“You certainly will want plenty of rugs and hangings of the right sort,” Cathcart pursued.
Anthony looked at him good-humouredly. “I can see that you have got to be suppressed,” he said, with a hand on Stevens’s collar. “I can tell you in a breath just what’s going into this room at present. The floor is to have a matting, one of those heavy, cloth-like mattings. Auntie Dingley has presented me with one fine old Persian rug from the Marcy library, which she insists is out of key with the rest of the stuff. I’m glad it is—it’ll furnish the key to my decorations. Then I’ve a splendid old desk I picked up in a place where they temporarily forgot themselves in setting a price on it. That’s going by the window. I’ve a little Dürer engraving, and a few good foreign photographs Juliet has put under glass for me. For the rest I have—what I like best—clear space, pipe-and-hearth room, the bamboo chairs off the porch with some winter cushions in, my books—and that.”
He pointed to the windows, outside which lay a long country vista stretching away over fields and river to the woods in the distance, turning rich autumn tints now under the late October frosts.
“It’s enough,” said Carey, with the suppressed sigh which usually accompanied any allusion of his to Anthony’s environment. “Dens are too stuffy, as a rule. Fellows try to see how much useless lumber they can accumulate in altogether inadequate space.”

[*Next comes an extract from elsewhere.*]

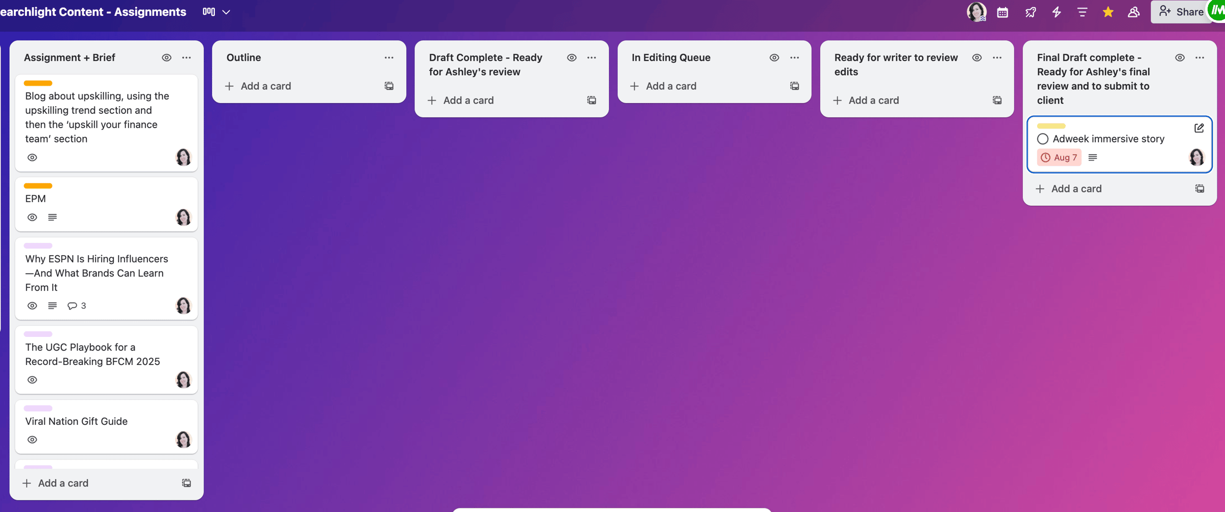 Once a quarter, schedule a systems cleanup day to update templates, tools, and trackers., sign up, enjoy! Here's a little challenge: Get organized so you can guarantee you'll never miss a deadline. Try out Moxie and Monday to get your ish together. The content professional who delivers work on time is ALWAYS going to get hired. Thanks, Ashley PartnerSupport Content Connect: Every click supports this newsletter. Expert Interview | Althea Storm1/ How did your career in content marketing begin, and what inspired you to specialize in B2B and SaaS writing? I wrote my first short play when I was eight years old, and since then, I’ve always written something, be it plays, short stories, long stories, or poems. But writing didn’t become a career until much later. I didn’t grow up with much, and when I graduated high school at 15, I became responsible for taking care of my family: my elderly, sick mother, my younger brother, and myself. I didn’t have a college certificate, and the physical jobs available paid around $37–40 a month, which wasn’t enough. I got a partial university scholarship, but I couldn’t attend university because I was my mum’s caregiver, so I had to figure out how to earn a living from home. I tried blogging, surveys, and transcription, but nothing stuck. Then one day it hit me: I’m a writer. Maybe I can make some money writing. I started learning from freelancers online and applied to every job I could find on job boards, LinkedIn, and even Facebook. I was constantly rejected for almost two years because I had no portfolio or real experience, but I kept going. In April 2021, when I was 17, I saw a job listing on ProBlogger from Alex Birkett (of Omniscient Digital) looking for a MarTech writer for his personal website. I had no idea what “MarTech” meant, but I applied anyway. The only samples I had were listicles from a small beauty blog I ran on WordPress, so I sent those. Ten days later, Alex emailed me and asked if I could write a test article on marketing automation tools. I was shocked, but I immediately got to work. I read everything I could about marketing automation, wrote the piece in three days, and submitted it. He liked it, paid me $300 for it, and that became my first-ever B2B SaaS article. I knew there was much to learn, so I immersed myself in blogs from Ahrefs, SEMrush, Animalz, and Backlinko. The more I learned, the more fascinated I became with B2B SaaS: how these tools worked, how companies grew, and how content could drive business growth. I kept applying to other jobs with the new bylines I earned on Alex’s site, and over time, that opened doors to work with companies like HubSpot, Thinkific, and Zapier. That’s how I found my way into B2B and SaaS writing: part survival, part curiosity, and part falling in love with an industry I never planned to be in. 2/ What’s your approach to creating long-form, data-driven content that connects with both search engines and real readers? My approach differs slightly based on how familiar I am with the topic. If I already have personal or professional experience with it, that informs the angle I take. I think about what I already know, the real-world challenges I’ve seen, and the narrative that ties it all together. Then I look at the top-ranking articles on Google to understand the structure that Google likes and identify any gaps. If it’s a topic I’m not familiar with (which is often the case in B2B), I spend a lot more time learning. I read the top-ranking articles not just to see their structures, but to understand the topic itself. I jot down notes, identify the essential sections, and check the People Also Ask box for additional questions to cover in the piece. I also go on Reddit to see what people are saying about the topic. Reddit is one of my favorite sites for research because there’s always honest discourse and real user pain points, which helps me shape the content to be more relevant and practical for readers. From there, I look for the most recent data and reports on the topic. I let the data guide my thesis, not the other way around, so I form my narrative based on what the numbers say. To make the content tangible, I look for real-world examples. Sometimes that means testing tools myself and taking screenshots of what I’m doing. For opinion-driven content, I often gather insights from subject matter experts through platforms like Featured or Help A B2B Writer. I sift through the responses and choose the quotes that genuinely add clarity and depth. Usually, the quotes align with the stats I gather from the report, but sometimes, I find an interesting contrarian angle I explore in the piece. Once I’ve done the research, the writing becomes much easier. I focus first on search intent because I’ve found that, if I meet the reader’s needs, the keywords usually fall into place naturally. However, if the client uses Surfer or Clearscope, I often have to go back and add some extra keywords and tweak a few sentences. Once the keywords are in place, I add internal (and external) links, polish the formatting, write the slug and meta description, and then send it to my editor. Most of the work happens before I write the first sentence. Once the research is right, the narrative almost builds itself. 3/ What are the biggest lessons you’ve learned from working with brands like HubSpot, Zapier, and Thinkific? I’ve learned so much from working with these brands, but here are the ones that have had the most impact on how I approach my work:
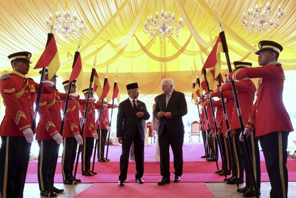 施泰因迈尔与夫人埃尔克是于今早10时抵达仪式会场,并由国家元首苏丹阿都拉和元首后东姑阿兹莎亲自迎接。

“But you ought to have a couch,” said Judith.
“Oh, yes, I’m going to have a couch,” assented Anthony, laughing across her head at Juliet. “A gem of a couch—we’re making it ourselves. You’re not to see it till it’s done. It’ll be no brickbat couch, either—it’ll be a flowery bed of ease—or, if not flowery, invitingly covered with some stunning stuff Juliet has fished out of a neighbour’s attic.”

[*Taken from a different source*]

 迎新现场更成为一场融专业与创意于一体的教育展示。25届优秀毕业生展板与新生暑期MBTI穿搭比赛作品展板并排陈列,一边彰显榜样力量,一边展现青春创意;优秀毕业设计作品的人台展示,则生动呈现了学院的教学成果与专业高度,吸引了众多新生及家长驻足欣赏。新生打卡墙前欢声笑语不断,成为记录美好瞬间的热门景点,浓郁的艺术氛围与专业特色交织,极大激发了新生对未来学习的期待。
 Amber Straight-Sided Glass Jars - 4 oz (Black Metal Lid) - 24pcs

“Now, come and see the nursery,” Juliet proposed, and the party crowded through the door into the living-room, around to the one by its side which opened into an attractive room behind the den, all air and sunshine.
“I refuse to suggest,” said Cathcart instantly, “the decorations for this place.”
“That’s good,” remarked Anthony cheerfully. “So much verbiage out of the way.”
“It’ll be pink and white, I suppose,” said Judith. “Pink is the colour for boys, I’m told.”